The first time she had seen that word was on TV. Her parents had sat her four-year-old self in front of the Sunday news channel while they read the paper, finished up chores, and got ready for work.

A commercial had come on about an animal adoption center, how they took in mistreated dogs, and gave them nicer homes to live out the rest of their days in. She liked that concept. The dogs were old but that didn't mean they deserved any less than a puppy. Some would think she'd be too young to understand much of anything at all, but she did.

"Mamma. Dog." she had tugged on her mother's sleeve and pointed at the glowing screen. "Hm? I see, dear."

Another tug to the sleeve and her mother finally looked up from the newspaper.

"Dog."

"Now stop you stop that yanking or I'm turning it off, understand?" her mother scolded.
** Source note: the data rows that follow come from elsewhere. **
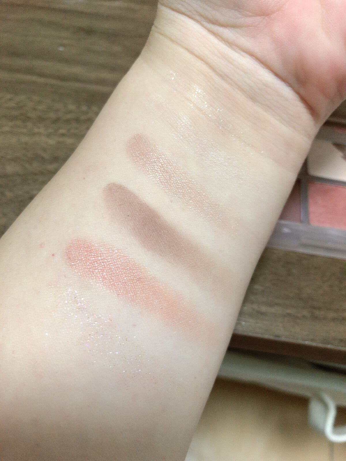 いちごみるくっぽいのと、くすみラベンダーの2パターンでアイメイクできるのは嬉しい! マットもラメも発色がいい マットは粉っぽくならない ラメはしっとり マット6色(うちラメ入り1色) ラメ4色(うち大粒1色) ベースから締め色まで揃って🥇 ラメはかなりしっとり&柔らかいです!固いと思って、結構力いれたらたくさん取れました笑 大粒ラメは、指でもブラシでも取りやすい🌟
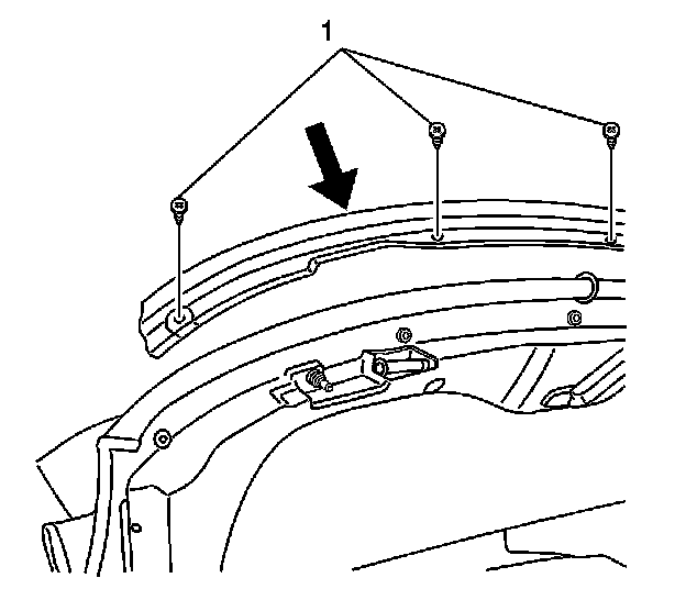 19. Install the screws (1) to secure the bracket and headliner to the rear side rail.
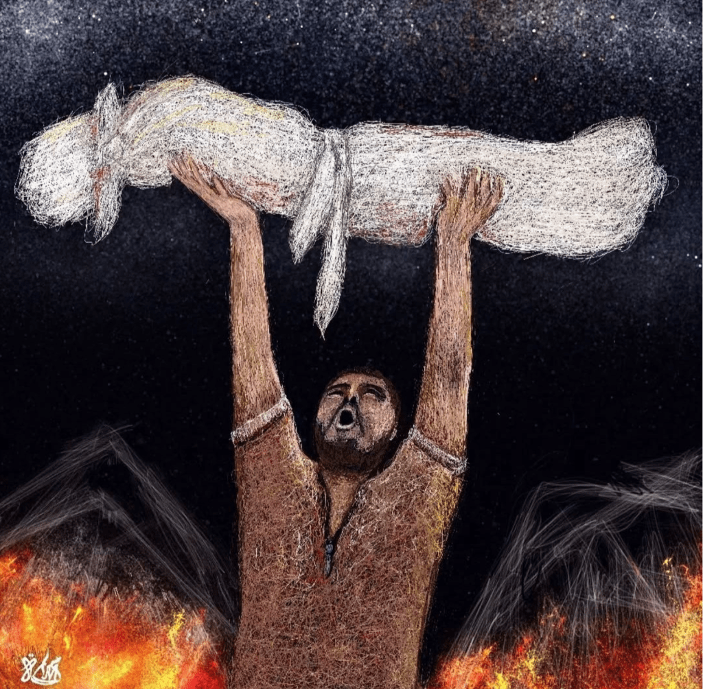 This is exactly embodied in Moataz Naim’s tragic work, which evokes nothing but destruction and ashes.
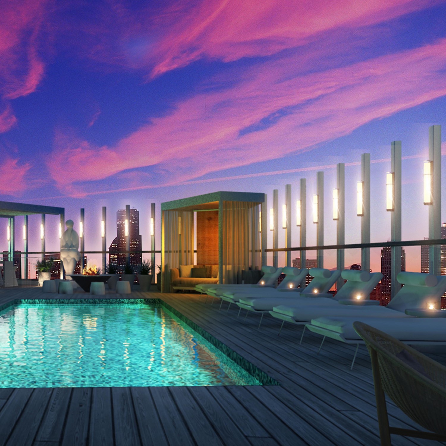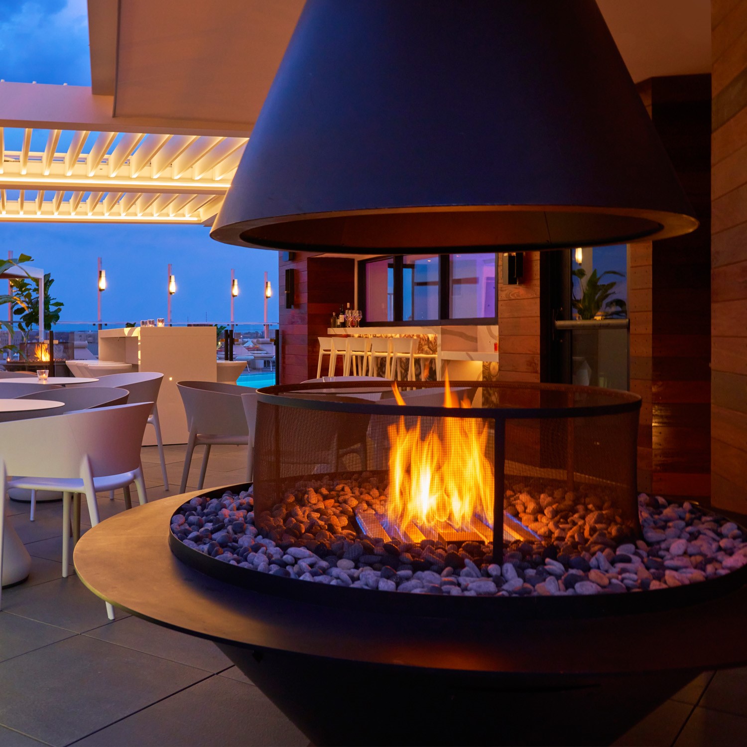 Featuring large modern rooms with a split focus on work and play, the hotel for the traveler that thrives on inclusivity. Hotel Zena features some beautiful amenity spaces including a large rooftop pool deck + bar where you will find two completely custom fabricated round Montigo firepits.
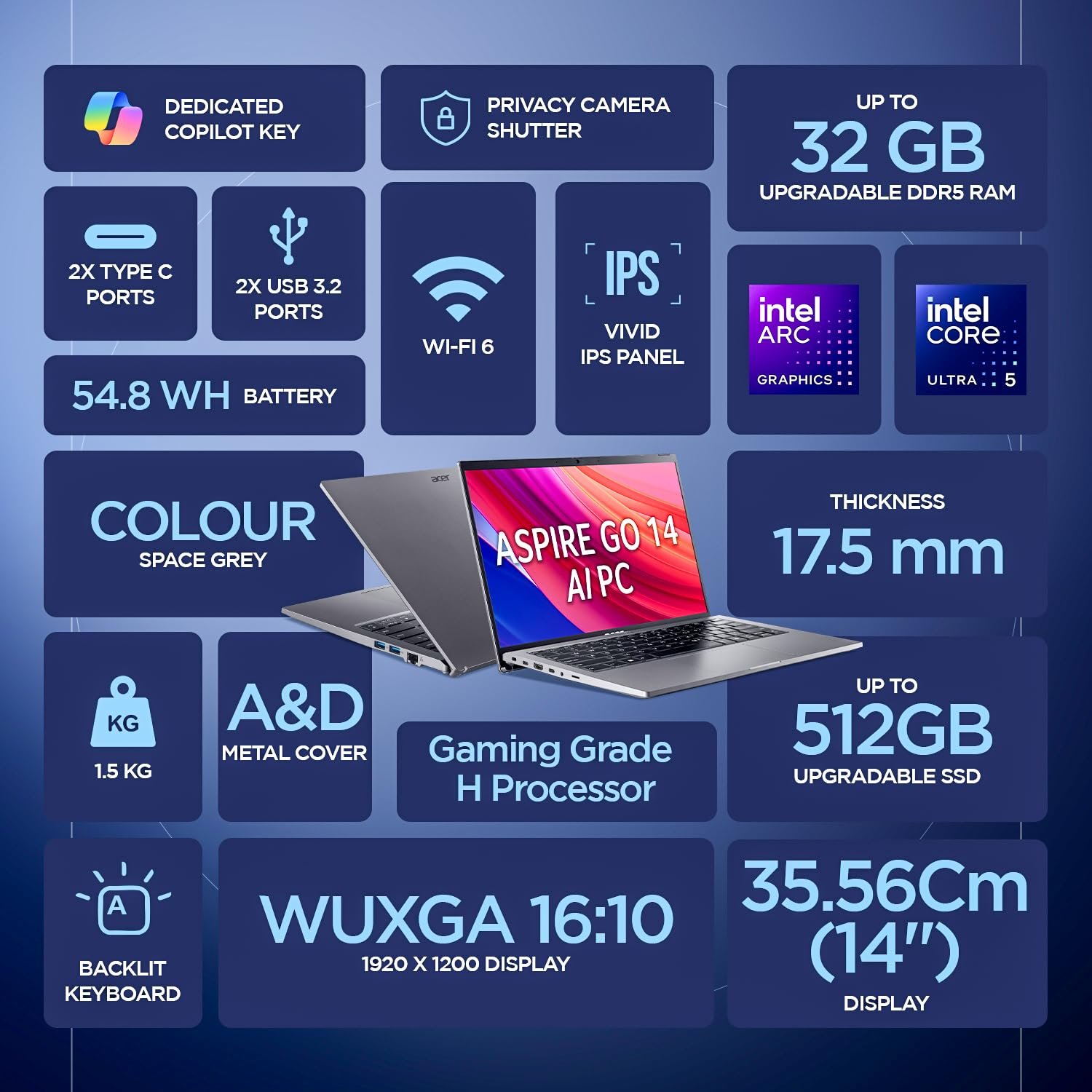Acer Aspire Go 14 AI Laptop is powered by the latest Intel Core Ultra 5 125H processor, delivering fast and efficient performance for work, study, and entertainment. It features 16GB DDR5 RAM and 512GB SSD for smooth multitasking and quick storage. The 14-inch WUXGA IPS display, Windows 11 with MS Office, and backlit keyboard make it a perfect lightweight laptop for everyday productivity.

She didn't personally enjoy the news anyways. She could just look out the window.

Shrugging, the child hopped off the couch and went on a hunt. She was looking for one of her father's many books, it had lots and lots of words in it. The best part about it was that all those fun words said what they meant, she would read it all the time. Over and over and over again.

Slipping into the big book room as she called it, she went to her favorite shelf, grabbed her favorite book, and began her search for the word. Once she spotted it, she read it aloud to herself, memorizing it's meaning.

"Neglect. Fail to care for properly."


-------

The first time she had seen her new house was after the long drive in the car, stuck behind an old rickety truck that carried all of her little family's things inside.

She was the first one in, or so she thought. After spotting all their furniture neatly placed, she realized that the big men who took all of her chairs had been here first.

The now five-year-old girl immediately ran up the stairs, knowing her parents would pay no mind. She figured they hadn't even left the car yet.

One by one she went through the rooms, examining each one carefully. One room caught her eye though, she decided to enter. "Mine," she said, deciding that if it echoed off the wood flooring then that would make it real.

"You like it?" a voice spoke out to her from behind, although she didn't recognize it as her mother's or father. She spun around to meet eyes with a teenage looking girl, blonde, with a soft expression on her face. She nods.

"I'm Violet. This used to be my room. What's your name?" she didn't reply to the girl, nor did she step away in fear. She held her ground and shut her mouth. "You shy?" Violet asked. She shook her head no, no way she was shy. She was five, but she wasn't 'some baby', as her father had put it when she had struggled once with her speech therapist while saying the word, "Flower." It wasn't that she was unable to say it, well, maybe it was, but in a circumstance that her father wouldn't understand. 

She heard footsteps walking around downstairs. Her parents must have finally arrived. Looking towards the door, she decided that that didn't matter, but when she looked back, this 'Violet' character had left.


She hadn't seen any more strangers until her 7th birthday, the first one her parents truly forgot. She had spent her morning testing out other ways to make cereal, using orange juice and room-temperature coffee instead of milk. Her parents didn't buy dairy products, but she didn't care enough to ask why. Something about 'lack toes' and 'taller ants', at least that's what her mother had told her.